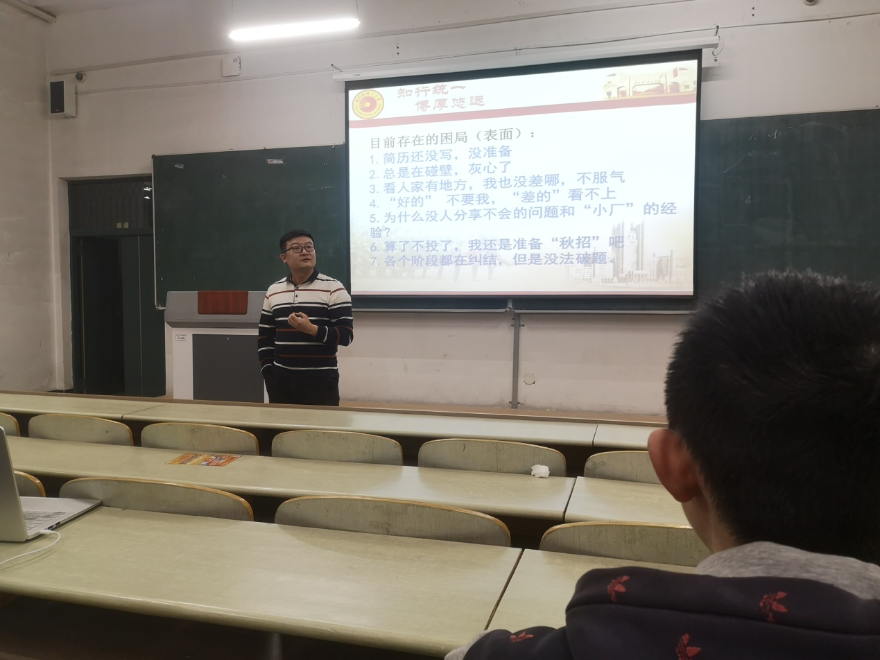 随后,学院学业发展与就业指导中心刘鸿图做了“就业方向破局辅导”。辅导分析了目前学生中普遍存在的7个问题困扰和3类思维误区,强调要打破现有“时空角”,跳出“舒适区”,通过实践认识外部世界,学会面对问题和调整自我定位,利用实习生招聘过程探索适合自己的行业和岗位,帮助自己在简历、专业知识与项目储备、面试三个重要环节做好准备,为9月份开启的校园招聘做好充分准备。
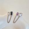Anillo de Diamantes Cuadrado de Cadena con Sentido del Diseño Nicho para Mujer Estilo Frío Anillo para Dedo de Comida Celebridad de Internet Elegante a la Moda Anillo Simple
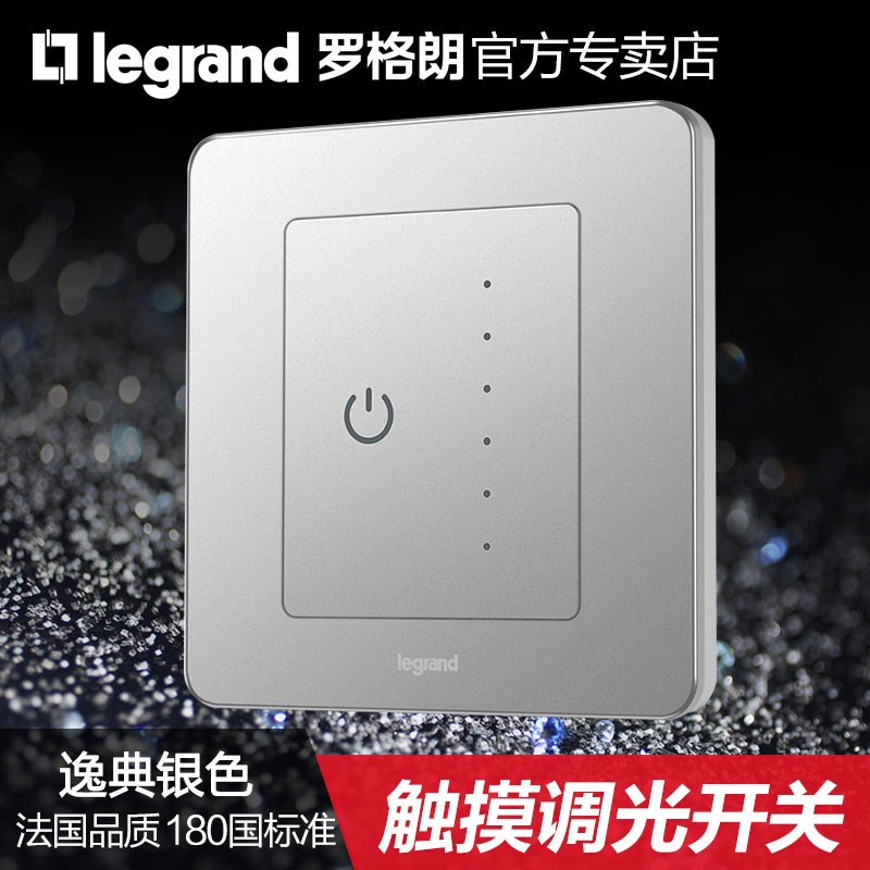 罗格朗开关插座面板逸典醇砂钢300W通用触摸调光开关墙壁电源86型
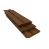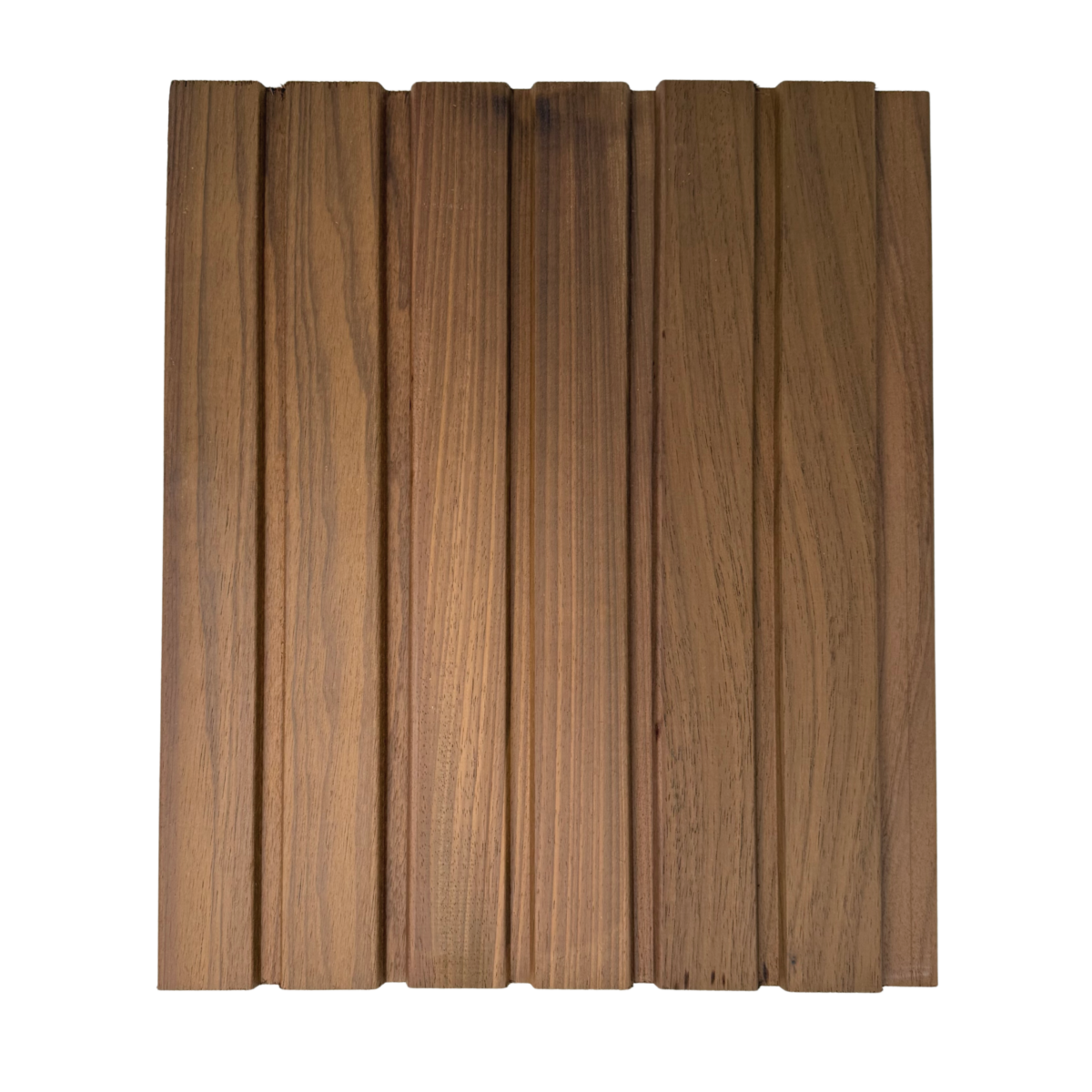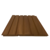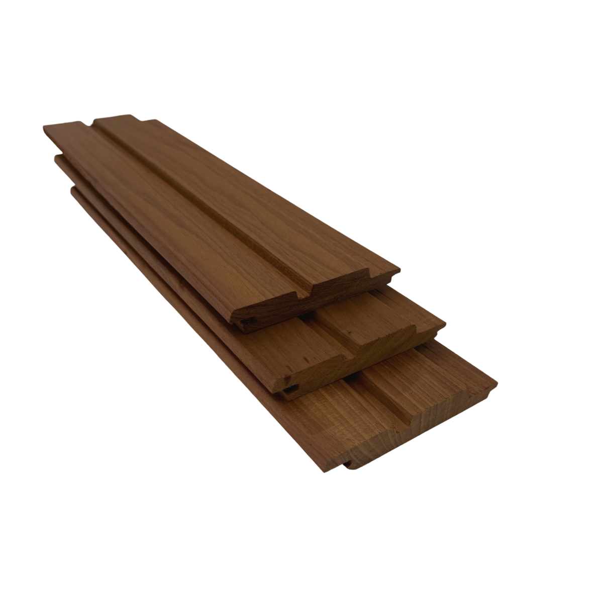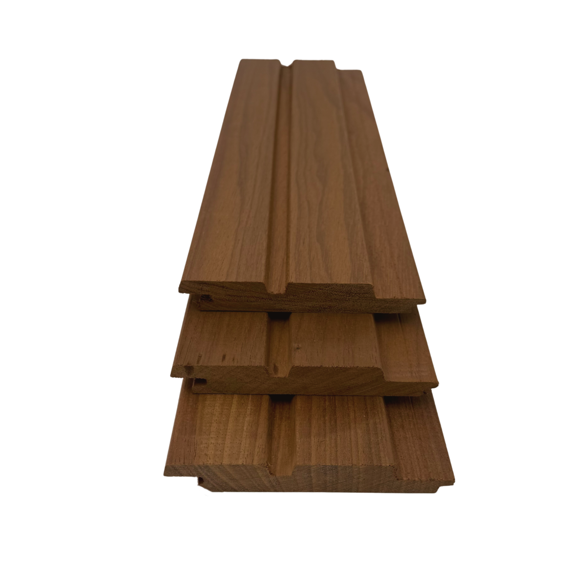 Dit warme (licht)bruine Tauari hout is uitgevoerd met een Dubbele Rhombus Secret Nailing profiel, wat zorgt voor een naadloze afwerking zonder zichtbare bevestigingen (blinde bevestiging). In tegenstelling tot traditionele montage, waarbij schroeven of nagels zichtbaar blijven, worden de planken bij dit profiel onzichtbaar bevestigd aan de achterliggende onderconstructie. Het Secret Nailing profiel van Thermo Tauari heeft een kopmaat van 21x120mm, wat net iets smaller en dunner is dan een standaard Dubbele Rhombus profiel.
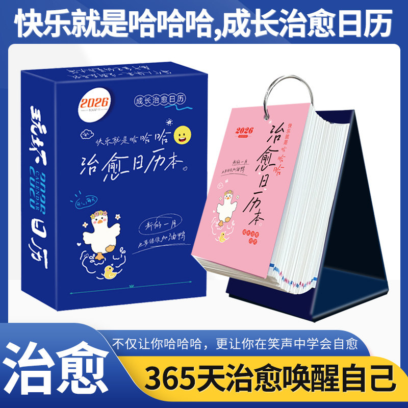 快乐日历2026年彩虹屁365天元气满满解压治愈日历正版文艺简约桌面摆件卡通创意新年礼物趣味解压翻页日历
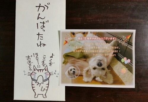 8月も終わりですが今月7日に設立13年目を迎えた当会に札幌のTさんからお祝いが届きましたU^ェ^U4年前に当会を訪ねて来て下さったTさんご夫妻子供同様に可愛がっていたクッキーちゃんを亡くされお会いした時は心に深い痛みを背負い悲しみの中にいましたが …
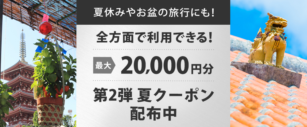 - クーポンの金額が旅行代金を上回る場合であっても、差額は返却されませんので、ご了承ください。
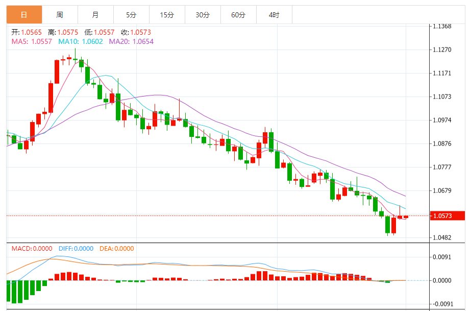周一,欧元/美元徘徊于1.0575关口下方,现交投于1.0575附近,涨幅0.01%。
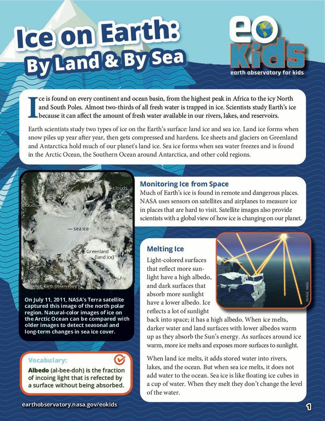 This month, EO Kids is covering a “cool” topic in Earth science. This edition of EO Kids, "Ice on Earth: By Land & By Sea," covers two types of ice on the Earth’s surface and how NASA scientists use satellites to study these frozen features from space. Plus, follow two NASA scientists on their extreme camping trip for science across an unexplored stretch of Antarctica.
========
» **Work instruction**: Reproduce the material above from its first line through the line containing "周一,欧元/美元徘徊于1.0", both ends included, and skip every picture.

» **Result for this exercise**:
 随后,学院学业发展与就业指导中心刘鸿图做了“就业方向破局辅导”。辅导分析了目前学生中普遍存在的7个问题困扰和3类思维误区,强调要打破现有“时空角”,跳出“舒适区”,通过实践认识外部世界,学会面对问题和调整自我定位,利用实习生招聘过程探索适合自己的行业和岗位,帮助自己在简历、专业知识与项目储备、面试三个重要环节做好准备,为9月份开启的校园招聘做好充分准备。
Anillo de Diamantes Cuadrado de Cadena con Sentido del Diseño Nicho para Mujer Estilo Frío Anillo para Dedo de Comida Celebridad de Internet Elegante a la Moda Anillo Simple
 罗格朗开关插座面板逸典醇砂钢300W通用触摸调光开关墙壁电源86型
 Dit warme (licht)bruine Tauari hout is uitgevoerd met een Dubbele Rhombus Secret Nailing profiel, wat zorgt voor een naadloze afwerking zonder zichtbare bevestigingen (blinde bevestiging). In tegenstelling tot traditionele montage, waarbij schroeven of nagels zichtbaar blijven, worden de planken bij dit profiel onzichtbaar bevestigd aan de achterliggende onderconstructie. Het Secret Nailing profiel van Thermo Tauari heeft een kopmaat van 21x120mm, wat net iets smaller en dunner is dan een standaard Dubbele Rhombus profiel.
 快乐日历2026年彩虹屁365天元气满满解压治愈日历正版文艺简约桌面摆件卡通创意新年礼物趣味解压翻页日历
 8月も終わりですが今月7日に設立13年目を迎えた当会に札幌のTさんからお祝いが届きましたU^ェ^U4年前に当会を訪ねて来て下さったTさんご夫妻子供同様に可愛がっていたクッキーちゃんを亡くされお会いした時は心に深い痛みを背負い悲しみの中にいましたが …
 - クーポンの金額が旅行代金を上回る場合であっても、差額は返却されませんので、ご了承ください。
周一,欧元/美元徘徊于1.0575关口下方,现交投于1.0575附近,涨幅0.01%。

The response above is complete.